:: What you will do ::
For the listing below, print exactly the lines from the line with "为加强团支部建设及团员交流学" to the line with "Rochie Lunga Segot", both included, and nothing beyond them.

:: Source material ::
────────────────────────────────────────

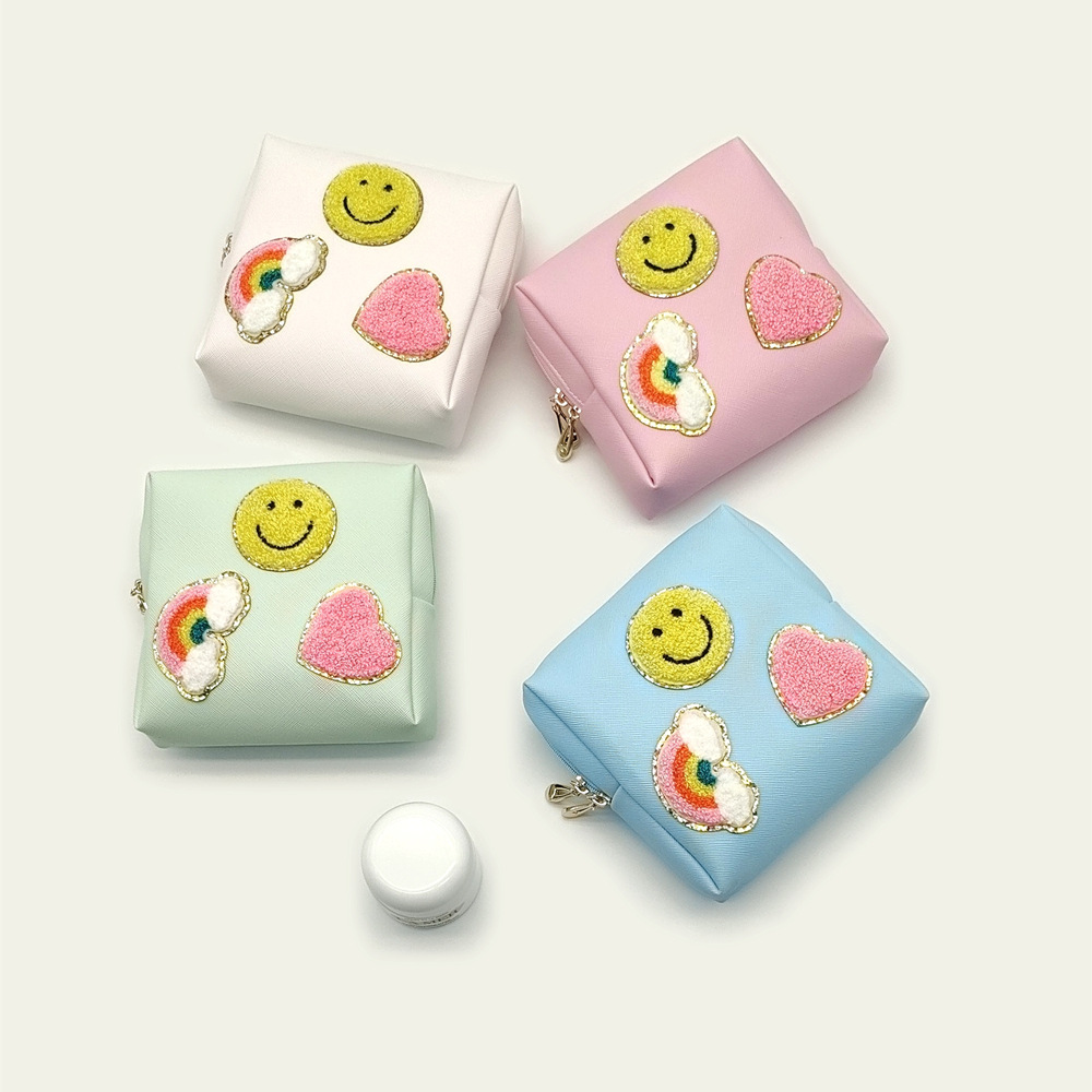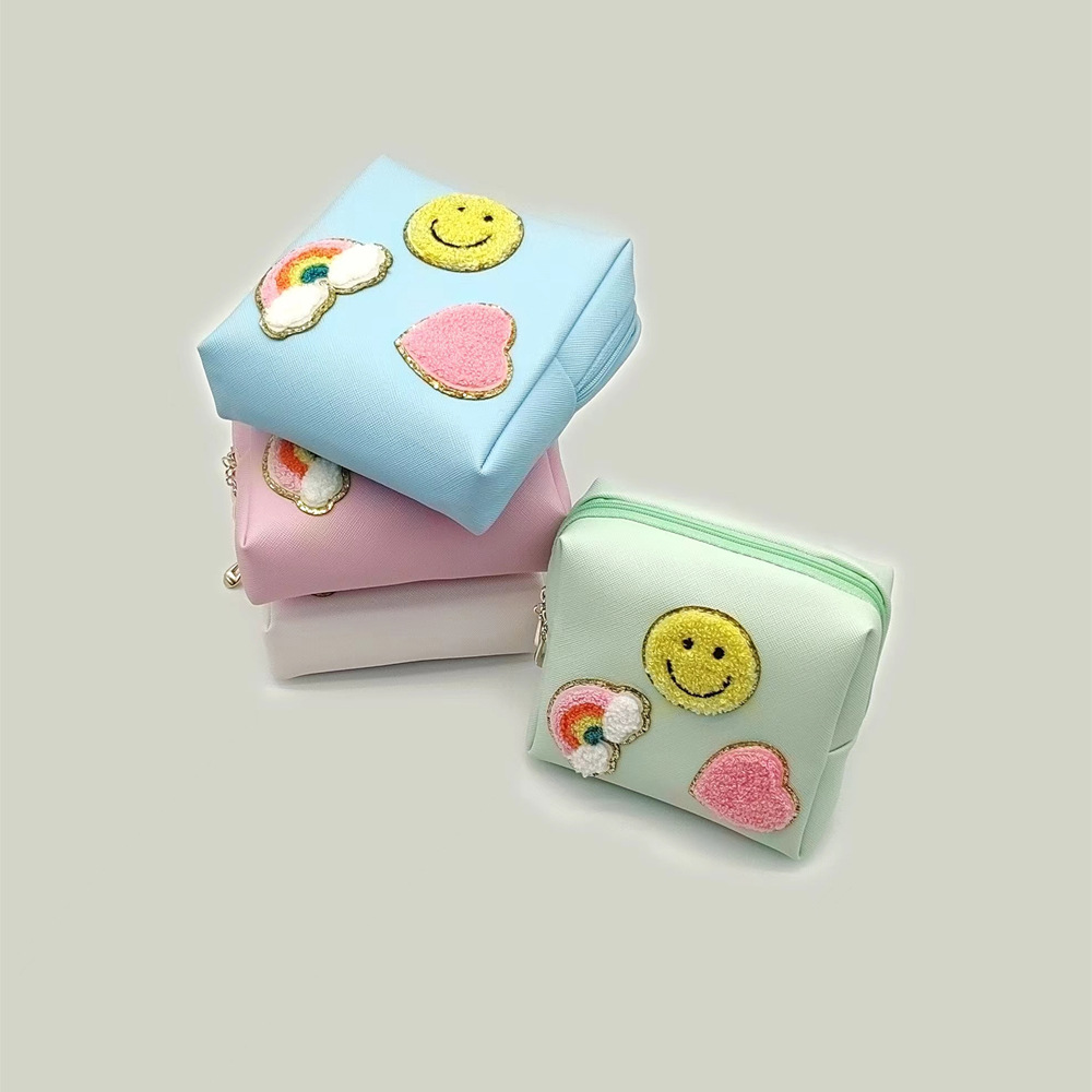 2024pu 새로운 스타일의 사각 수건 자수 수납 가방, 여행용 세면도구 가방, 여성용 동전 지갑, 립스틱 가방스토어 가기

────────────────────────────────────────

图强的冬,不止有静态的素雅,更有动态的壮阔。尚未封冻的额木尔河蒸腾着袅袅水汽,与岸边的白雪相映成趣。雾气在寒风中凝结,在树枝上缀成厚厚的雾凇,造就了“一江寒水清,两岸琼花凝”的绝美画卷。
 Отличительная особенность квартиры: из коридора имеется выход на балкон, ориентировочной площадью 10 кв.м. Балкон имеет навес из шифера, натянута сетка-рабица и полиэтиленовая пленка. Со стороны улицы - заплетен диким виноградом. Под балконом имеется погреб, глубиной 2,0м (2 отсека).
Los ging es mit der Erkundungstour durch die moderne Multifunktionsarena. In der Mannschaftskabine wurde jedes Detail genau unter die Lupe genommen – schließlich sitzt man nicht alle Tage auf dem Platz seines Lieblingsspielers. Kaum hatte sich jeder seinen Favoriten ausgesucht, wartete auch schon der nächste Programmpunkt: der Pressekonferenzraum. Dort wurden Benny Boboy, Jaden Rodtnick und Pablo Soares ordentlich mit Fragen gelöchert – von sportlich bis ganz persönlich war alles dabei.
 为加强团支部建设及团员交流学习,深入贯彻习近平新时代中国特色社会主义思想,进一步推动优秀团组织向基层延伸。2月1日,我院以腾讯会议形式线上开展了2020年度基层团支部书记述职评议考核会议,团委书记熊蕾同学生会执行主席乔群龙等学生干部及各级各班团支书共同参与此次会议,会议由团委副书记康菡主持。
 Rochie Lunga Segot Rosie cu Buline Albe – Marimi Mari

────────────────────────────────────────

:: Answer section ::
 为加强团支部建设及团员交流学习,深入贯彻习近平新时代中国特色社会主义思想,进一步推动优秀团组织向基层延伸。2月1日,我院以腾讯会议形式线上开展了2020年度基层团支部书记述职评议考核会议,团委书记熊蕾同学生会执行主席乔群龙等学生干部及各级各班团支书共同参与此次会议,会议由团委副书记康菡主持。
 Rochie Lunga Segot Rosie cu Buline Albe – Marimi Mari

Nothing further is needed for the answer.